The approach Linus advocates is one of "ponitification", where the wise pontif examines his scrolls, and makes a declaration of truth.

Its interesting to note that the barrier to understanding how software works via experimentation is much lower than the barrier to understanding it by reading every line of source code.

In the mail, Linus states that his goals in excluding debuggers from the main kernel sources is to discourage people from using debuggers to develop features, because developing with a sense of deep understanding results in better software. However, it also excludes one of the most useful tools for developing that sense of understanding.

I can't speak to personal motivations, because I don't know the man, but that type of behavior does smell somewhat of self-preservation. Ensuring that it is difficult to acquire a complete understanding of Linux, makes it more difficult for him to loose his position of influence.

Regardless of his motivations, however, lies the central fact that barriers to knowledge are detrimental to an open society.

Given the value that the linux community places on "openness", "freedom", and "egalitarnisim", and his position as a leader in that community, I would think he should want to eliminate those barriers.

If that increases the burden of incorporating change into the kernel, because the quality of developers is diluted by use of debuggers, than so be it.

This is equivalent to the notion that the burden of proof in acquiring a criminal conviction is placed on the state, not the defendant. Yes this means that everyone needs to work harder at justice, and that sometimes guilty people go free. However, in the end, it ensures that people actually remain free.


Linus's general attitude "developer time does not matter" is appropriate only when you have free slave labor that you can afford to waste.


Sure, developer time matters. But you've got to be able to recognise sunk cost, the product of 100 hours work should only ship if it is better than what came before. The end result matters more than the developers time - if it fails, there won't be any money to pay the developer, no matter how long he has been working.


I'm not talking about "sunk cost", but developer productivity. He doesn't care about it, but most people should.
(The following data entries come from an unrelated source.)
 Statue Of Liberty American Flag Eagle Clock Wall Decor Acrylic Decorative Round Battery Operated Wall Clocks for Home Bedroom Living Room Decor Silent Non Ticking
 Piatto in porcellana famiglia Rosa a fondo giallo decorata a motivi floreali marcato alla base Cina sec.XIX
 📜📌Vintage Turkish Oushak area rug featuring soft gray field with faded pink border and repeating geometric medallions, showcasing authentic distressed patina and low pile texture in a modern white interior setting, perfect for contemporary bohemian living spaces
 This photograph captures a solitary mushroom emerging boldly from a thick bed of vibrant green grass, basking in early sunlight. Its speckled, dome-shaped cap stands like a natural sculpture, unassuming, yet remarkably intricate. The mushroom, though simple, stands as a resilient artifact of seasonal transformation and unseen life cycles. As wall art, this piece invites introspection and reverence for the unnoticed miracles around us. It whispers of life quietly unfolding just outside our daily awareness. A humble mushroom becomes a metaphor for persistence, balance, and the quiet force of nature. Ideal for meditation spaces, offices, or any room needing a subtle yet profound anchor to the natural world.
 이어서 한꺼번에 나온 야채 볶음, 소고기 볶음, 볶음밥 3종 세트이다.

I believe productivity does matter to him. It's just that he wants people who can a-ha their way out of the problem, the gifted people.

So loosing thousands of good/average people in favor of couple of elites is the price he is willing to pay. Meaning he does care for productivity.

It's just that this "care" manifests in a utterly devious and fiendish manner.

Because he is a bastard. And I understand, because I am a bastard. And I don't care either. We don't care about being nice, because being nice to weak people doesn't help anyone. Weak people fail if you are nice to them or not. Strong people don't care if you are nice. If you are not nice they will challenge you. If you are strong you earn respect and allies. If your a weak wise guy, you better GTFO :).

Essentially it's about being nice to weak people (giving debugger). And in the world of Elite it doesn't make sense.

Think thermopylae It's an wonderful example of what a group of elites can do. And I believe the Spartans weren't known as nice and understanding bunch.


"I believe the Spartans weren't known as nice and understanding bunch."

Actually, I think it was the opposite in terms of their general personalities. They were renown and respected for doing the "right thing" no matter what the personal cost may be. There's a story to that effect, which might be only a legend, but it goes like this:

"An old man wandering around the Olympic Games looking for a seat was jeered at by the crowd until he reached the seats of the Spartans, whereupon every Spartan younger than him, and some that were older, stood up and offered him their seat. The crowd applauded and the old man turned to them with a sigh, saying "All Greeks know what is right, but only the Spartans do it." (http://www.pbs.org/empires/thegreeks/background/8c.html)


I believe productivity does matter to him. It's just that he wants people who can a-ha their way out of the problem, the gifted people.

That's just misplaced arrogance, backed by confirmation bias. Truly gifted individuals are smart enough to use the best tool to solve the problem at hand as efficiently as possible. That tool is sometimes a debugger.

Here's a quick survey:

FreeBSD: Kernel Debugger.

Solaris: Kernel Debugger.

NetBSD: Kernel Debugger.

OpenBSD: Kernel Debugger.

IRIX: Kernel Debugger.

Darwin: Kernel Debugger.

Linux: Nope.

Now of all those operating systems, would you really say that the developers that added a debugger for their own use are not the gifted and 'elite'?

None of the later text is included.